Drummer Simone, who’d been playing in bands since he was 14, pulled the brothers together as first The Brothers Felice, and then The Felice Brothers. Midway through this decade, they relocated 100 miles south, settling in the industrial hipster zone of Williamsburg, Brooklyn.

“It was a scary place,” Christmas says of the modest apartment they all shared. “We had to live with the superintendent,” he adds.

“He was constructing a robot in the kitchen,” Ian recalls.

“As a slave,” James remembers. “He would feed all the cats in the neighbourhood. We’d leave for the day and everyone’s toothbrush would be inexplicably wrapped in foil when they came back.”

Long shifts spent busking in the subways taught them the art of showmanship. During a spot at the Newport Folk Festival in 2008, for instance, a bolt of lightning knocked out the band’s power supply. They responded with an acoustic sing-a-long of Pete Seeger’s “This Land Is Your Land”.
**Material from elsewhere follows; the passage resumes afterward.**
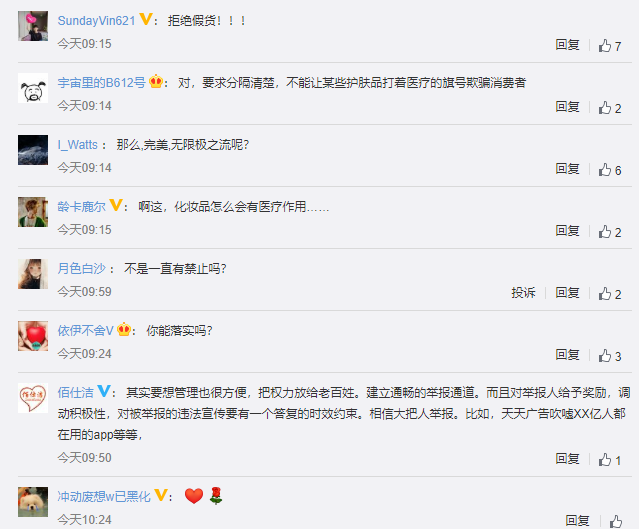 针对《条例》的发布,网友纷纷表示看好,有不少拒绝假货、微商、直播带货的一定要严格审查、化妆品监管越来越严格是好事等言论。

“We learned a lot about performance,” explains Ian. “A lot of our sound came about just trying to get people’s attention, getting them to clap and get them to give you some fucking money.”
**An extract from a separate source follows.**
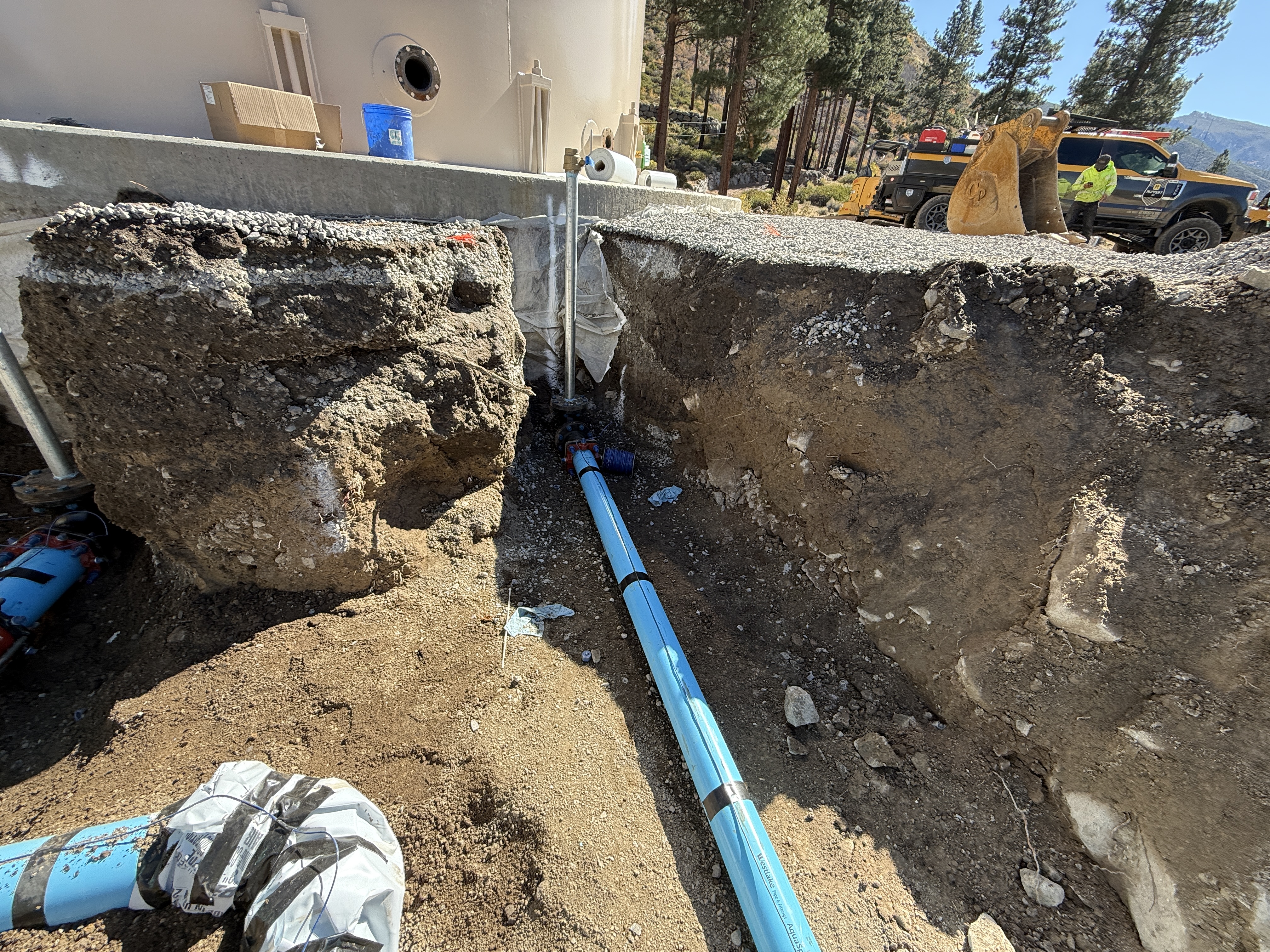 The image shows a section of trenching work near a water tank where blue pipes are visibly installed or staged in a cut trench. The site appears to be an excavation with surrounding soil and debris. There's a construction vehicle and personnel in the background, indicating active work. The focus is on trenching and pipe installation near the finished water tank area.

“Penn Station”, from the band’s latest album, Yonder Is The Clock – Uncut’s Album Of The Month for May – recalls the desolation of being stranded under New York’s 7th Avenue South (“with a toothbrush and a comb, five dollars and a dead cell phone”). They recorded their debut, 2006’s Through These Reins And Gone, live and fast, mostly in single or double takes. “The punk rock way,” Ian deadpans. Then, in 2007, the band headed back upstate, moving into a house a short distance from the coop. “A friend of ours let us settle here because we had nowhere else to go,” explains Ian. This is when they began the much-needed renovation work on the roofless coop. “We couldn’t rehearse when it rained,” Farley recalls.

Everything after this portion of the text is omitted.